Let's take a look at one that needs to be sorted.
Mysql > explain select a from t where a > 99000 order by b +- -+ | id | select_type | table | type | possible_keys | key | key_len | ref | rows | Extra | + -+-+ | 1 | SIMPLE | t | range | a_index | a_index | 5 | NULL | 999 | Using index condition Using filesort | +- -+ 1 row in set (0.00 sec)
A Using filesort is returned in this Extra, which means sorting is needed, which needs to be optimized. That is to say, after finding the data, you also need mysql to sort it in memory. You should know that the index itself is ordered, so generally speaking, you should make use of the order of the index, such as writing like this.

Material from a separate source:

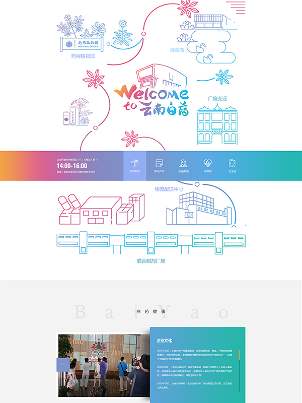 針對本次官網(wǎng)設計,除了介紹公司的基本情況外,更多的是展示產(chǎn)品和歷史傳承方面,以“新白藥、大健康”為核心注重強化其品牌概念以及公司優(yōu)勢,布局方面,采用了在國際化設計中較為流行的扁平化布局風(fēng)格,內容呈現上疏密有使整個(gè)頁(yè)面更簡(jiǎn)約、直觀(guān),卻不失內容和主題的完整。

Mysql > explain select a from t where a > 99990 order by a +-+-+ | id | select_ Type | table | type | possible_keys | key | key_len | ref | rows | Extra | +- -+ | 1 | SIMPLE | t | range | a_index Ab_index | a_index | 5 | NULL | 10 | Using where Using index | +-+-- + 1 row in set (0.00 sec)
Let's create another composite index.
Mysql > alter table t add index ab_index; Query OK, 0 rows affected (0.19 sec) Records: 0 Duplicates: 0 Warnings: 0mysql > explain select * from t where a > 1000 +-+-- + | id | Select_type | table | type | possible_keys | key | key_len | ref | rows | Extra | +- -+ | 1 | SIMPLE | t | range | a_index Ab_index | ab_index | 5 | NULL | 50166 | Using where Using index | +-+-- + 1 row in set (0.00 sec)
This sql has just mentioned above that when a composite index is not created, it is a full table scan, but now it actually uses an overlay index, which also avoids the process of returning to the table, that is, the fields to be queried can be found on the (ab_index) index.
This article introduces how to use explain to analyze an sql execution plan through several examples, and also mentions some common index optimizations. In fact, there are more possibilities, you can also write a sql yourself, and then use explain analysis to see what can be optimized.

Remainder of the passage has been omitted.